Na véspera do recesso de julho, o ministro Ricardo Lewandowski proferiu insólita decisão, embora, à primeira vista, parecesse afetar somente a venda de uma distribuidora estadual de energia.

Ocorre que, se a liminar vier a prevalecer, a partir de agosto, quando a Corte retomar suas atividades, ficará, então, assentado que a venda de uma empresa estatal estará sempre na dependência de autorização do Legislativo.

A condição imposta pelo relator mostrou-se esdrúxula, se ainda está em vigor a lei que reorganizou o Programa Nacional de Desestatização, atual Programa de Parcerias de Investimentos.

O diploma legal aprovado pelo Congresso excluiu das alienações futuras o Banco do Brasil, a Caixa Econômica Federal, além de instituições regionais e de desenvolvimento.

Assim, relegando ao esquecimento uma lei que vige desde 1997, o STF, em um pronunciamento isolado, criou restrição de duvidosa legalidade.
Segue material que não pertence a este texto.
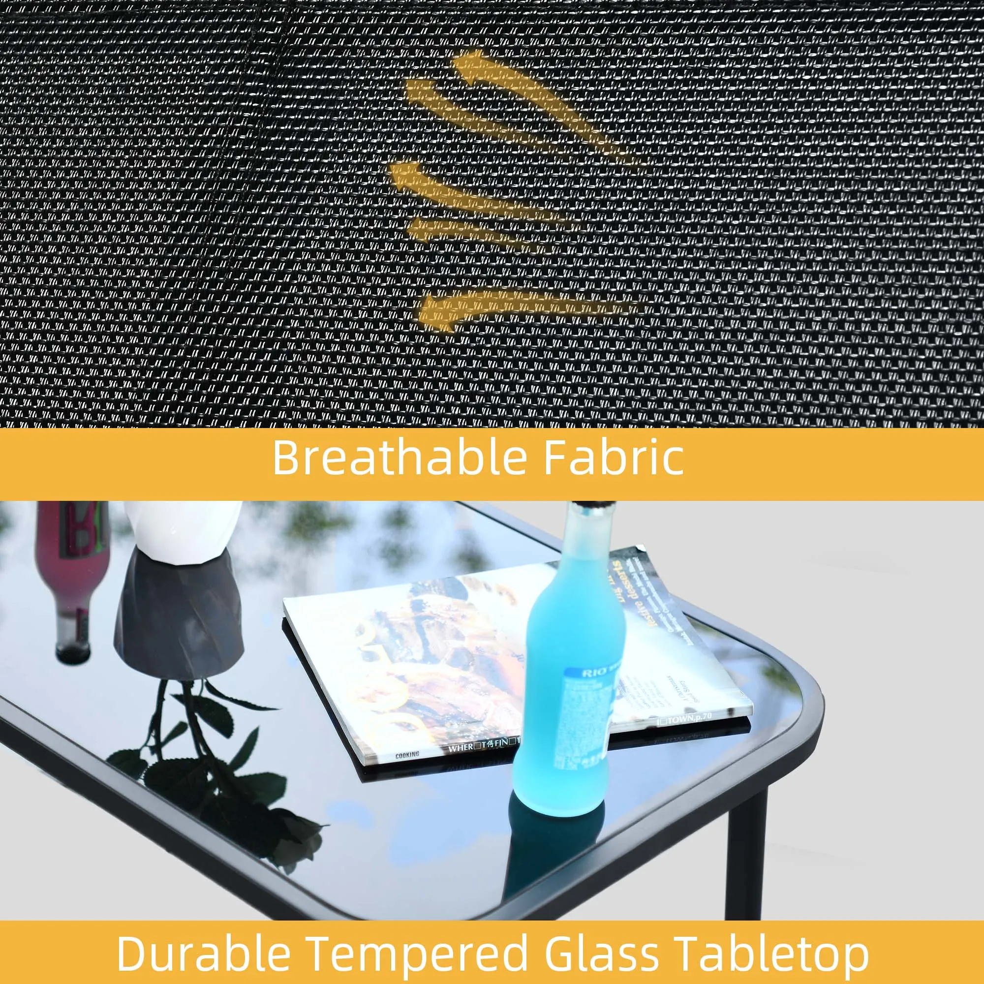 Supreme Comfort: Textilene fabric conforms better to the body, providing a more comfortable seating experience; This patio set feature curved armrests and tabletop edges, reducing the risk of accidents and ensuring a worry-free experience for you and your loved ones.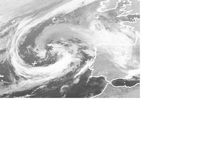 Auf dem Satellitenbild von Dienstag früh ist ein Tief auf dem Atlantik, westlich von Portugal mit seinen Fronten gut zu erkennen. Die Wolken seiner Warmfront sorgen vor allem im Norden von Spanien örtlich für Regen. (Bildquelle: NERC Satellite Receiving Station, Dundee University, Scotland, http://www.sat.dundee.ac.uk/)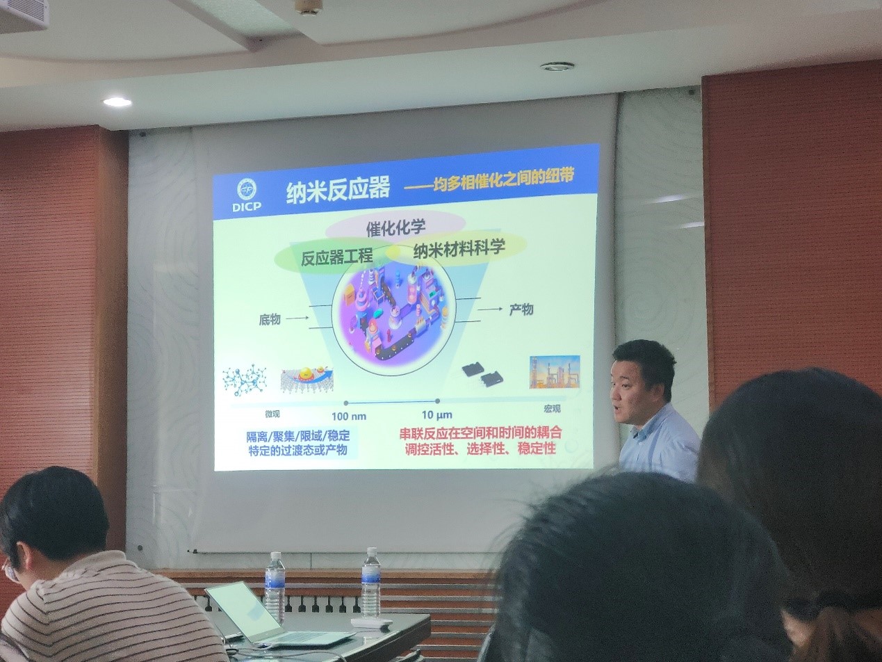 刘健研究员首先介绍了纳米反应器的特点,并由自然界中的化学转化引出具有限域效应的微/纳米反应器,利用微/纳米反应器可以提高反应的效率和选择性,并可以在温和的条件下催化化学反应,所以设计合适的反应器并优化操作条件是化学工程中至关重要的步骤。他还介绍了课题组在微/纳米反应器领域的最新研究进展:1. 实现不同形貌和结构的纳米反应器定制;基于空间限域效应、隔离效应、协同效应等催化机制,将构筑的微/纳米反应器应用于催化理论基础研究;2. 认识微/纳空间中的催化反应过程,揭示纳米反应器中串联催化反应在空间和时间的耦合问题;3. 纳米反应器在金属-/硒等涉及催化反应电化学电池中的应用和重大疾病的早期诊断的应用研究。最后,指出了纳米反应器在应用中的局限性:材料宏观和微观尺度无法实现有效的衔接,尽管创造了多样的纳米制造技术,但微纳甚至更小尺度的科学问题亟需深入研究和发展。

O fundamento adotado foi o de que se a Lei Maior exige autorização do Congresso para a criação de estatais, o mesmo critério deverá prevalecer nas vendas, inclusive a de empresas subsidiárias.

Quanto à urgência com que a liminar foi concedida, segundo Ricardo Lewandowski, deveu-se à vaga de “desestatizações que vem tomando corpo em todos os níveis da Federação” e que “poderá trazer prejuízos irreparáveis ao país”.

A decisão envolvia a Ceal, distribuidora da Eletrobrás, em Alagoas, sendo certo que, na própria lei que autorizou a sua federalização, ficou consignada a sua posterior privatização.

Como o seu endividamento aumentou assustadoramente nos últimos vinte anos, o seu valor atual é muito baixo, o que levou o governo a propor a venda por valor simbólico. A privatização tornou-se necessária tanto para a Eletrobrás, como para a própria companhia, que corre o risco de liquidação, o que importaria na demissão de seus empregados, sem se falar na piora da qualidade dos serviços.

A limitação imposta pelo Ministro Relator frustrou o leilão da distribuidora da Petrobras, marcado para 26 do corrente. Em razão do que prevaleceu no despacho, subsistirão as estruturas deficitárias da empresa, que importa em inesgotável sorvedouro de recursos públicos, devido à forma relapsa com que é administrada.

Embora a ministra Cármen Lúcia relute em admitir a possibilidade de influências políticas no mais alto Tribunal da República, vale lembrar que o episódio ocorreu em Alagoas, estado governado por um filho de Renan Calheiros.

Fatos como esse concorreram para a reflexão do jurista Joaquim Falcão, professor da FGV, recentemente eleito para a Academia Brasileira de Letras. No seu entendimento, o chamado Magno Pretório deixou, há muito, “um debate político-constitucional” e hoje “é política pura”. Alguns se insurgem contra uma ditadura da minoria, contra o fato de três ministros controlarem os outros. “O STF é, ao mesmo tempo, agressor e vítima de si mesmo.” 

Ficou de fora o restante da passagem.